One of the challenges in adapting software to work for users with different languages and cultures is the need for dynamic messages. Whenever a user interface needs to present data as part of a larger string, that data needs to be formatted (and the message may need to be altered) to make it culturally accepted and grammatically correct.
For example, if your US English (
en-US
) interface has a message like:Your item had 1,023 views on April 3, 2023
You want the translated message to be appropriately formatted into French:
Votre article a eu 1 023 vues le 3 avril 2023
Or Japanese:
あなたのアイテムは 2023 年 4 月 3 日に 1,023 回閲覧されました。
This specification defines the data model, syntax, processing, and conformance requirements for the next generation of dynamic messages. It is intended for adoption by programming languages and APIs. This will enable the integration of existing internationalization APIs (such as the date and number formats shown above), grammatical matching (such as plurals or genders), as well as user-defined formats and message selectors.

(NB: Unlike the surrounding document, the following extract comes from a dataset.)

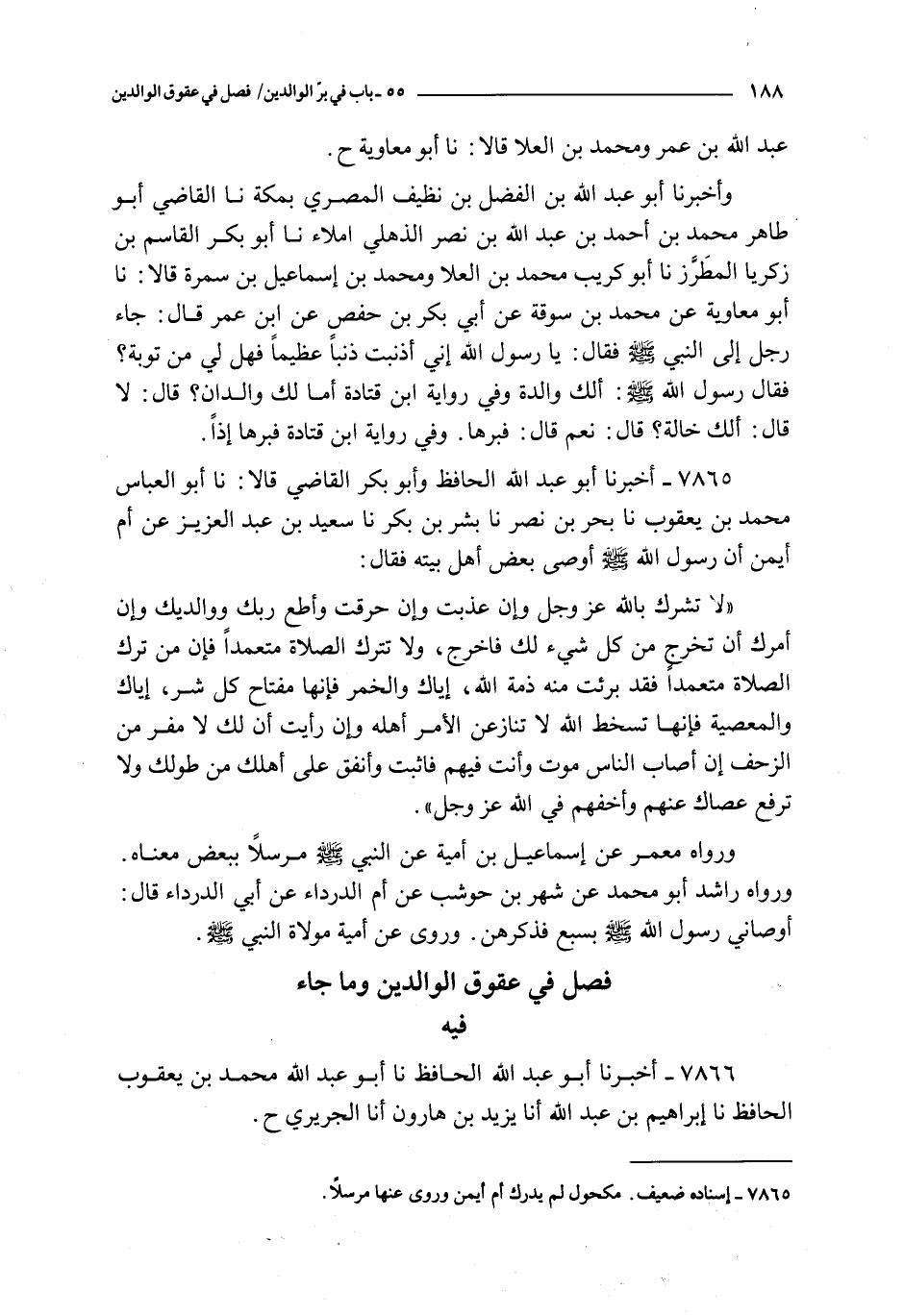 7865 - أخبرنا أبو عبد الله الحافظ و أبو بكر القاضي قالا : نا أبو العباس محمد بن يعقوب نا بحر بن نصر نا بشر بن بكر نا سعيد بن عبد العزيز عن أم أيمن : أن رسول الله صلى الله عليه و سلم أوصى بعض أهل بيته فقال :

The document is the successor to ICU MessageFormat, henceforth called ICU MessageFormat 1.0.
Everything in this specification is normative except for: sections marked as non-normative, all authoring guidelines, diagrams, examples, and notes.
The key words "MUST", "MUST NOT", "REQUIRED", "SHALL", "SHALL NOT", "SHOULD", "SHOULD NOT", "RECOMMENDED", "NOT RECOMMENDED", "MAY", and "OPTIONAL" in this document are to be interpreted as described in BCP 14 [RFC2119] [RFC8174] when, and only when, they appear in all capitals, as shown here.
A term looks like this when it is defined in this specification.
A reference to a term looks like this.
Examples are non-normative and styled like this.
Important
The provisions of the stability policy are not in effect until the conclusion of the technical preview and adoption of this specification.
Updates to this specification will not make any valid message invalid.
Updates to this specification will not remove any syntax provided in this version.
Updates to this specification MUST NOT specify an error for any message that previously did not specify an error.
Updates to this specification MUST NOT specify the use of a fallback value for any message that previously did not specify a fallback value.
Updates to this specification will not change the syntactical meaning of any syntax defined in this specification.
Updates to this specification will not remove any functions defined in the default registry.
Updates to this specification will not remove any options or option values defined in the default registry.
Note
The foregoing policies are not a guarantee that the results of formatting will never change. Even when this specification or its implementation do not change, the functions for date formatting, number formatting and so on can change their results over time or behave differently due to local runtime differences in implementation or changes to locale data (such as due to the release of new CLDR versions).
Updates to this specification will only reserve, define, or require function names or function option names consisting of characters in the ranges a-z, A-Z, and 0-9. All other names in these categories are reserved for the use of implementations or users.
Note
Users defining custom names SHOULD include at least one character outside these ranges to ensure that they will be compatible with future versions of this specification. They SHOULD also use the namespace feature to avoid collisions with other implementations.
Future versions of this specification will not introduce changes to the data model that would result in a data model representation based on this version being invalid.
For example, existing interfaces or fields will not be removed.
Important
This stability policy allows any of the following, non-exhaustive list, of changes in future versions of this specification:
- Future versions may define new syntax and structures that would not be supported by this version of the specification.
- Future versions may add additional structure or meaning to existing syntax.
- Future versions may define new keywords.
- Future versions may make previously invalid messages valid.
- Future versions may define additional functions in the default registry or may reserve the names of functions for the purposes of interoperability.
- Future versions may define additional options to existing functions.
- Future versions may define additional option values for existing options.
- Future versions may deprecate (but not remove) keywords, functions, options, or option values.
- Future versions of this specification may introduce changes
to the data model that would result in future data model representations
not being valid for implementations of this version of the data model.
- For example, a future version could introduce a new keyword, whose data model representation would be a new interface that is not recognized by this version's data model.